O jogo da vida
Minha vida virou de ponta cabeça de uma hora para outra. Em um dia eu estava fazendo as entregas da venda do meu pai, e no outro, fugindo de lobisomem, vampiro, até alma penada. Se dissesse que troquei de corpo com uma moça na noite do dia das bruxas e já viajei com a morte no carnaval então, ninguém acreditava, mas eu vivi tudo isso e muito mais. Só não consegui escapar da dona onça, aquela nativa linda que pulou na frente do meu fusca e me arrastou de volta quando eu tentava fugir de sua aldeia.
— Tonico!
Eu ouvi aquela voz lá no fundo e não conseguia me mexer; abria e fechava o olho me sentindo cansado, dormia e acordava variando, sei lá eu por quanto tempo, até que finalmente consegui despertar.
— Por que não me deixou ir embora? — Perguntei para Indaiá que me trazia um copo com água.
— Tonico se aquieta, não pode sair até Apoena terminar o ritual de purificação.
A moça o que tinha de linda, também tinha de brava, e eu é que não ia contrariar.
— Você cuidou de mim, eu te vi aqui, mas não conseguia despertar.
— Apoena treinando Indaiá — ela pegou o copo de minha mão e colocou em cima da mesa. — Tonico fica até fechar o corpo e depois volta pra casa.
— Indaiá — segurei em sua mão. — Muito obrigado por cuidar de mim.
— Indaiá cuida de todo mundo aqui — ela puxou a mão me deixando de coração partido.

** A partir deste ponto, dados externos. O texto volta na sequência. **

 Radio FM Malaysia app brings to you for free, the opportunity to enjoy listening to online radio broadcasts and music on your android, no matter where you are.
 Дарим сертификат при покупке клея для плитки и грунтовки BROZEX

Eu sempre fui mulherengo, não dispensava um rabo de saia, pegava todas, mas nunca consegui me apaixonar por nenhuma. Não sabia o que era sentir aquele frio na barriga só de estar perto dela, de ouvir a voz dela, sentir o cheiro dela. E quando aconteceu... ela era comprometida e não me dava bola.
— Tonico bebe chá e deita — Indaiá me entregou uma cuia e depois saiu me deixando sozinho.

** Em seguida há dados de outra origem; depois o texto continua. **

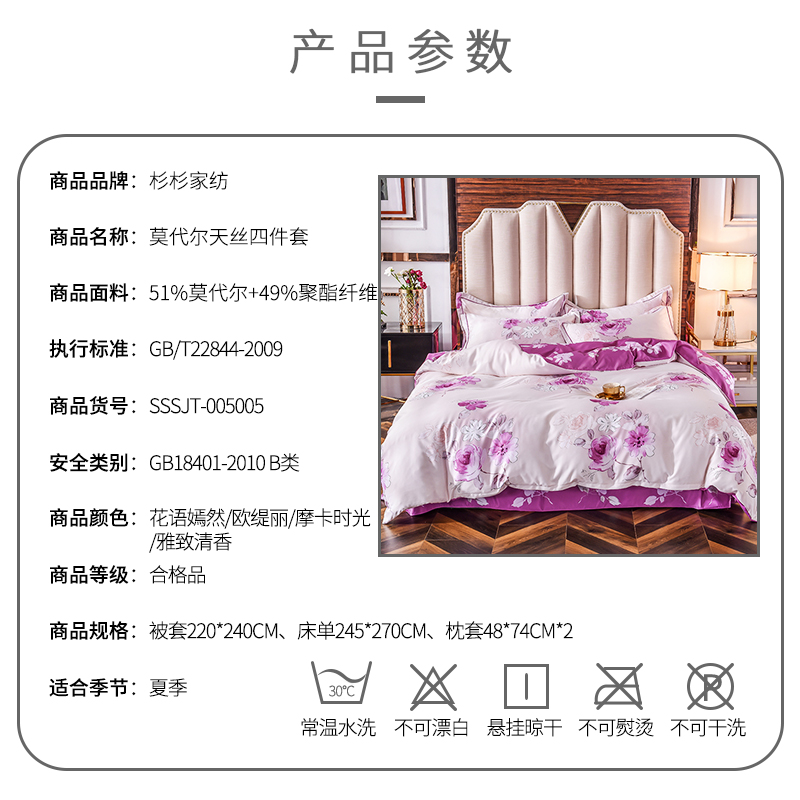 莫代尔天丝四件套【51%莫代尔+49%聚酯纤维/被套220*240床单245*270枕套48*74*2】 |

— Com tanta moça no mundo eu fui gostar justo dela — falei me lembrando de como aquela moça linda me fazia sonhar acordado, só de me trazer uma cuia de chá.
Aquela noite de lua clara, deitado naquela cama de palha eu suava frio enquanto a xamã dizia umas palavras em sua língua jogando uma fumaça branca que ela puxava num trem que parecia um canudo e soprava em mim.
— Onça! — Gritei quando vi aquele bicho enorme se aproximar da cama.
— Calma, Tônico, não é real! — Pedia Indaiá.
Apoena com a maior calma do mundo, continuou sua cantoria assoprando aquela fumaça em meu rosto, então, fui ficando tonto até que apaguei de vez...
— Aonde estou? — Perguntei quando entrei naquela sala escura e vi uma mesa com duas cadeiras no centro iluminado por um luz que não sabia de onde vinha.
— Seja bem vindo, Tonico, não costumo receber visitas nesse horário. Sente-se.
Um homem de preto, muito bem arrumado, saiu de um canto escuro e parou à minha frente.
— O senhor quem é?
— Aí depende de como me conhece — ele acenou para que eu sentasse.
— Eu morri?
— Isso é irrelevante, mas sente-se, não gosto de jogar sozinho.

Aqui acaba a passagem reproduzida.